Although Blind Date resisted the challenge of the Lottery, by 1998 audiences for terrestrial television were on the decline and Blind Date wasn’t immune – average ratings were four million down on the series’ heyday. ITV boss Richard Eyre determined that to survive, the network had to maximise the appeal of their most popular programmes and Blind Date was given an increased budget, new scriptwriters and new producers. Discussions began in earnest to revamp the show.
Initially it was decided that contestants would be picked “randomly” from the studio audience. This was discarded in preference of the tried and tested format, but Blind Date entered a period of decline as the production team apparently lost faith in their product. At the same time, Cilla was also deployed to front another LWT game show – Moment Of Truth. While this series was unable to replicate the success of Blind Date, it did appear for a time as if LWT was attempting to line it up as a successor to the aging dating show.
1998 also saw the first concerted rumours emerge that Cilla Black could be heading for pastures new. As the story began to circulate around the media it was speculated that Zoe Ball or Kirsty Young were being lined up to replace her – apparently Cilla’s own choice for a successor was GMTV’s Eamonn Holmes – a figure deemed as “sexually unthreatening” as Cilla herself. Change did eventually arrive in 2002, but it was to the show’s format and not the presenter. “Dating shows – they have to move on,” explained Paul Jackson, then Granada’s director of entertainments and formats at LWT. “We’re trying to encourage people to be more real. Blind Date began in the days of innocence, when people were not so upfront. Kids today are much more prepared to say what they think, to dish the dirt.”

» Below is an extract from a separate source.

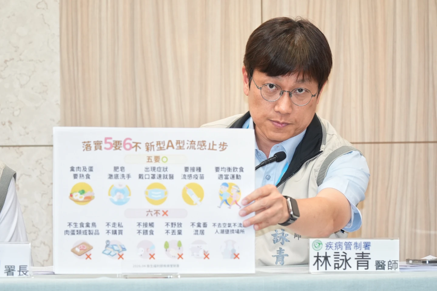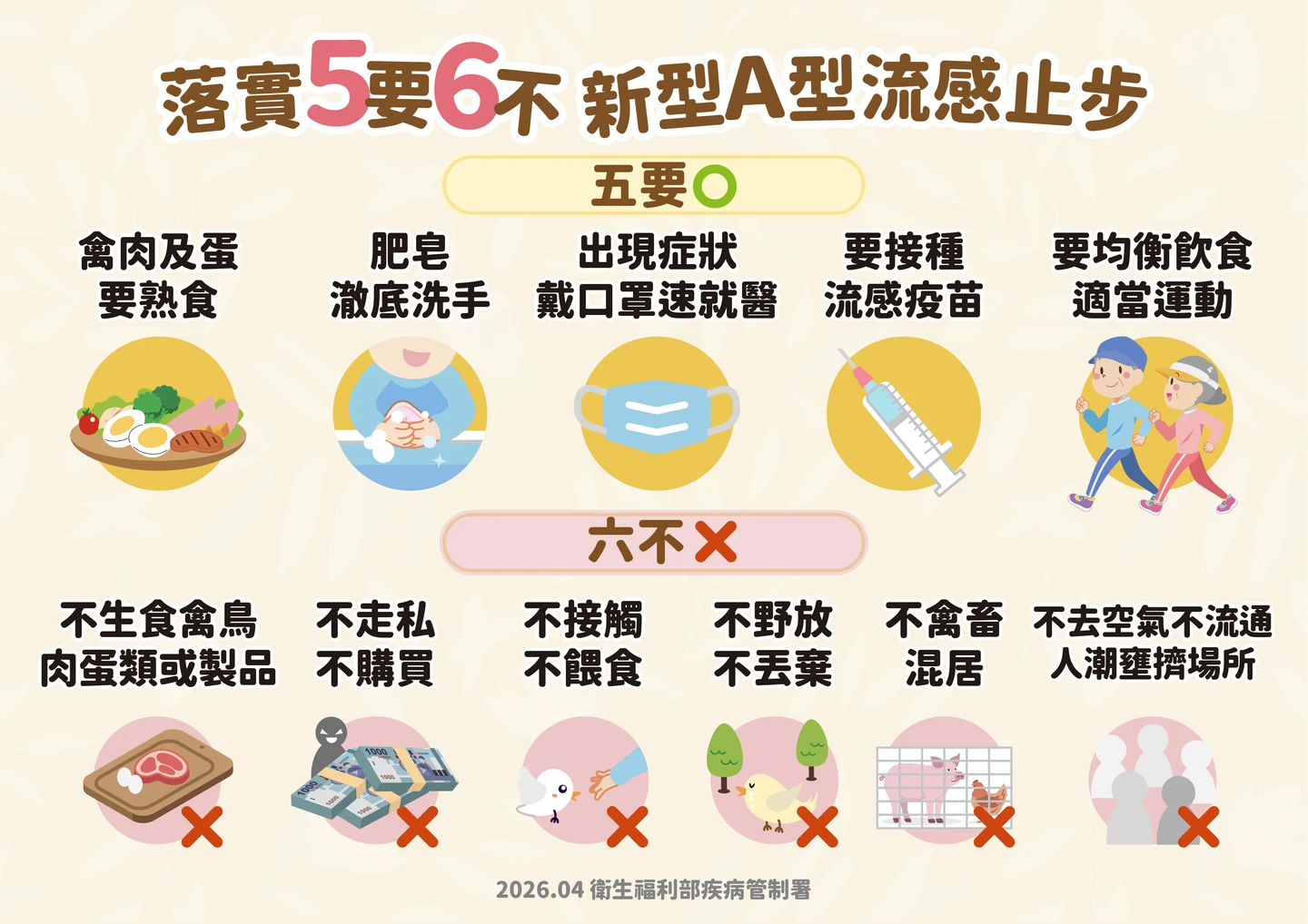 疾管署提醒,為降低新型A型流感感染風險,禽畜養殖相關工作人員在作業過程中應落實自我防護,於工作結束後落實清消。若出現急性呼吸道感染或結膜炎症狀,應儘速就醫並主動告知醫療人員其職業與動物接觸史,以利早期診斷。民眾則建議於日常生活中落實「5要6不」防疫原則:

“You face that dilemma,” he reveals some years later, “is there some way to internally improve the show? Because the brand name is still valuable, the host still carries tremendous loyalty and affection. Is there some way to play with the internal constituent parts? … That wasn’t easy with Blind Datebecause I think one of the reasons why it was so successful for 18 years was it’s got a very simple through line – boy meets three girls, picks one, goes on a date – do they get on? It’s a very simple construction, and you play with it at your peril.”